Tuesday, February 12, 2013

"We have to face the fact that the deniers are wrong"

By TIM FAULKNER/ecoRI.org News staff

It’s no coincidence Grover Fugate is Sen. Sheldon Whitehouse’s guest at President Obama’s State of the Union address. Fugate, director of the state Coastal Resources Management Council (CRMC), is one of Rhode Island's most vocal climate hawks. Recently, Fugate declared that sea-level rise in Narragansett Bay could exceed 6 feet by the end of the century. A shocking proclamation given that most of the public is just learning of the 3- to 5-foot increase announced last year.


It’s not a prediction Whitehouse would challenge, however. The Democratic senator is one of the most outspoken climate champions in Congress. In recent months, he has delivered impassioned weekly speeches from the Senate floor, expounding on environmental degradation taking place across a warming planet.

Between 5 and 15 minutes in length, videos of the speeches are candy for YouTube political-policy fans and information-hungry environmentalists. Whitehouse pushes for solutions and calls out the deniers in Congress. 

The off-kilter global ecosystem, he says, portends unknown damage. The price of inaction far outstrips the cost of mitigation. Skeptics, Republicans and their corporate backers are regularly skewered as climate antagonists.

“There is a rear-guard action in this building led by polluters to try to prevent us from taking action on this. But we have to face the fact that the deniers are wrong; they are just plain dead wrong,” Whitehouse said during a Dec. 5 meeting of the Senate Committee on Environment and Public Works.

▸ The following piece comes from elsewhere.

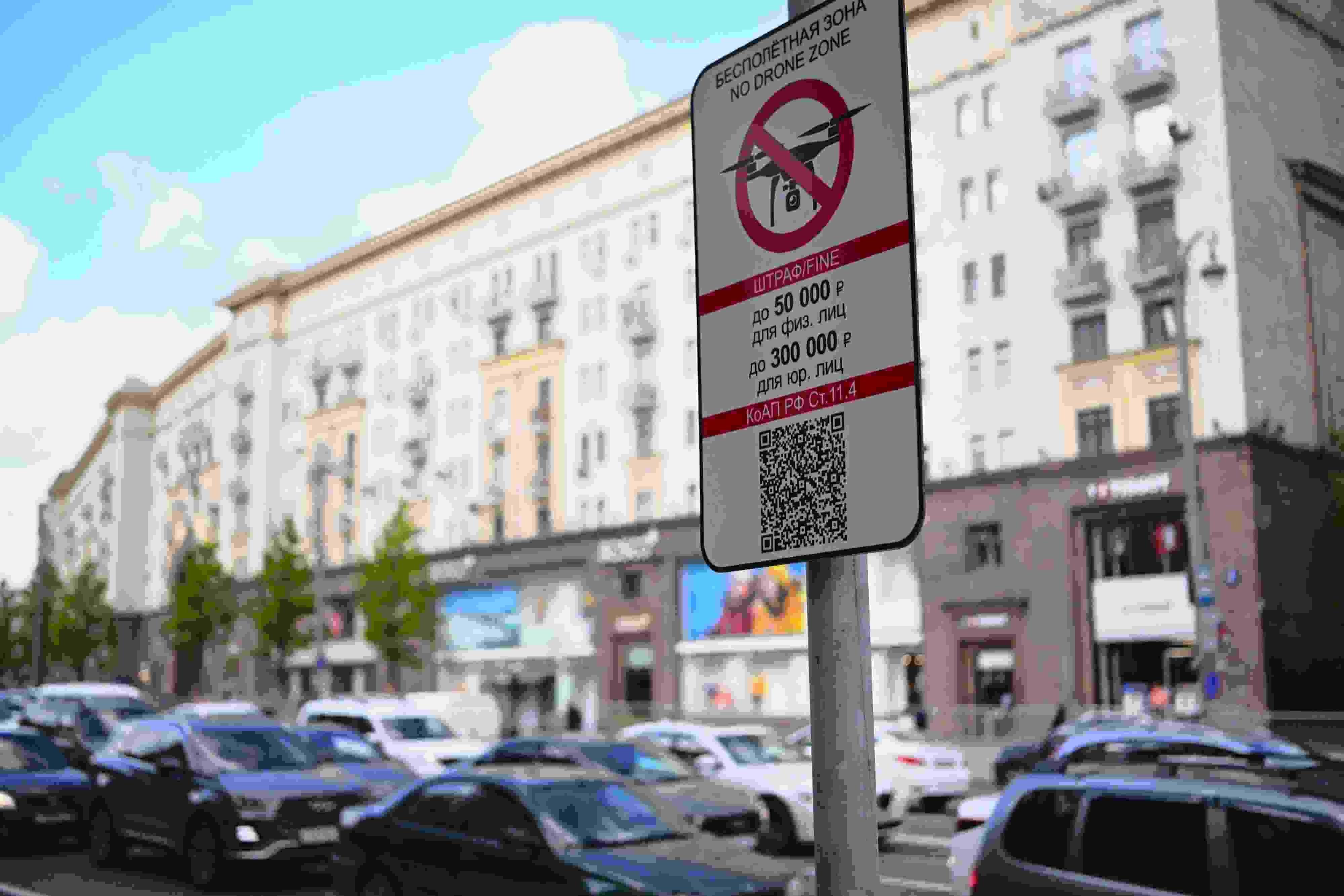 當(dāng)?shù)貢r間2023年5月3日,俄羅斯莫斯科,莫斯科市中心懸掛的“無人駕駛飛機禁飛區(qū)”的標(biāo)志,禁止無人機在該地區(qū)飛行??死锬妨謱m遭無人機襲擊后,莫斯科市長宣布禁止未經(jīng)授權(quán)的無人機在俄羅斯首都上空飛行。 視覺中國

The speeches deliver current and dramatic research not mentioned in the mainstream discussion on climate change. In a Dec. 12, 2012 speech called “We are Sleepwalking Through History,” Whitehouse noted that the planet's carbon dioxide concentration has increased 50 parts per million since 1980, and is now well outside its range from the last 800,000 years. 

Oceans are absorbing a million tons of carbon an hour, resulting in a 30 percent increase in ocean acidity — an increase faster than any time in the past 50 million years.

Whitehouse also describes global and local impacts of climate change, such as during Hurricane Sand the unearthing of vehicles from the 1930s and '40s buried at Misquamicut Beach in Westerly.

His staff explained that Whitehouse gives the speeches because of frustration caused by “the barricade of special interests and climate-change deniers blocking action on this issue in Washington.” Speaking on the Senate floor, spokesman Seth Larson said, allows Whitehouse to keep the climate-change debate alive and “to force deniers to either hide or come to the floor with their extremist views.”

And if they haven’t yet elevated discussion nationally or in D.C., the speeches may have raised Whitehouse's environmental standing, landing him a co-chair position on the Senate and House Task Force on Climate Change with Rep. Henry Waxman, D-New York. 

The committee will seek input from industry on both sides of the issue: oil, coal and gas companies, electric utilities, automakers, defense contractors, insurance companies and universities. The outcomes may result in more recommendations than laws, but Whitehouse is committed to the cause. The speeches on YouTube and C-Span will continue.

As long as it takes to break through that barricade of special interests and get something done,” Whitehouse said.